In this case, respondents presented evidence which casts doubt on the veracity of these
documents. Respondent Switzerland Insurance presented Export Declaration No. 1131/85 which
petitioners own witness, Rogelio Lumibao, prepared, in which it was stated that the copper
concentrates to be transported to Japan had a gross weight of only 2,050 wet metric tons or 1,845
dry metric tons, 10% more or less. On the other hand, Certified Adjusters, Inc., to which
Switzerland Insurance hadyy referred petitioners claim, prepared a report which showed that a
total of 2,451.630 wet metric tons of copper concentrates were delivered at Poro Point. As the
report stated:

It is to be pointed out that there were no actual weighing made at Benguet Exploration, Inc.s site.
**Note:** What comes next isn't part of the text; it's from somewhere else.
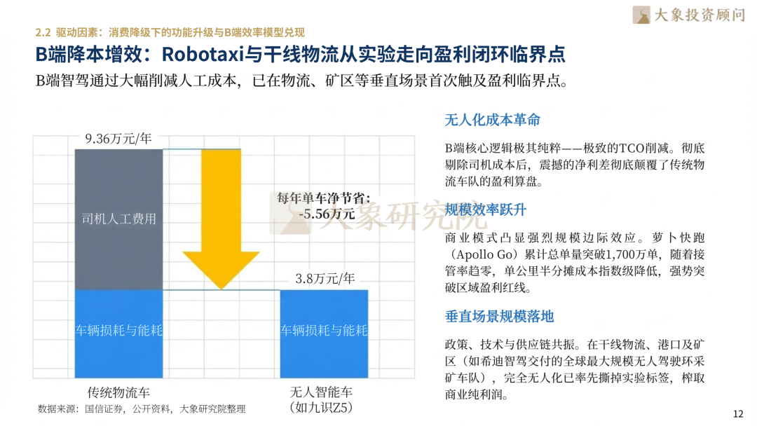 大象投顾依托深厚的行业研究积淀,精准前瞻智驾产业赛道,聚焦端到端大模型、智算中心及车路云一体化等前沿趋势。报告通过拆解特斯拉、地平线及传统OEM的差异化路径,穿透算力鸿沟、数据主权与成本控制等关键瓶颈,厘清B端Robotaxi盈利临界点与C端订阅渗透规律,为产业企业与投资机构提供兼具前瞻性与实操性的决策参考。
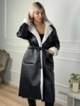 Παλτό δερματίνη με λευκή γούνινη επένδυση

The procedure done was that after weighing the trucks before and after unloading at Philex Poro
Point Installation, the weight of the load was determined and entered on Philex Trip Ticket which
was later on copied and entered by the truck driver on Benguet Exploration, Inc.s Transfer Slip.
Considering the discrepancies in the various documents showing the actual amount of copper
concentrates transported to Poro Point and loaded in the vessel, there is no evidence of the exact
amount of copper concentrates shipped. Thus, whatever presumption of regularity in the
transactions might have risen from the genuineness and due execution of the Bill of Lading,
Certificate of Weight, Certificate of Loading, and Mates Receipt was successfully rebutted by the
evidence presented by respondent Switzerland Insurance which showed disparities in the actual
weight of the cargo transported to Poro Point and loaded on the vessel. This fact is compounded
by the admissions made by Lumibao and Cayabyab that they had no personal knowledge of the
actual amount of copper concentrates loaded on the vessel. Correctly did the CA rule:

In the face of these admissions, appellants claim of loss or shortage is placed in serious doubt,
there being no other way of verifying the accuracy of the figures indicated in appellants
documentary evidence that could confirm the alleged loss of 355.736 MT. Notwithstanding the
figure stated in Bill of Lading No. PP/0-1 that 2,243.496 WMT of copper concentrates was loaded
by appellant at the port of origin, it should be stressed that this is merely prima facie evidence of
the receipt by the carrier of said cargo as described in the bill of lading. Thus, it has been held that
recitals in the bill of lading as to the goods shipped raise only a rebuttable presumption that such
goods were delivered for shipment and as between the consignor and a receiving carrier, the fact
must outweigh the recital (Saludo vs. Court of Appeals, 207 SCRA 498, 509 [1992]). Resultingly,
the admissions elicited from appellants witnesses that they could not confirm the accuracy of the
figures indicated in their documentary evidence with regard to the actual weight of the cargo
loaded at the port of origin and that unloaded at the port of destination, in effect rebuts the
presumption in favor of the figure indicated in the bill of lading.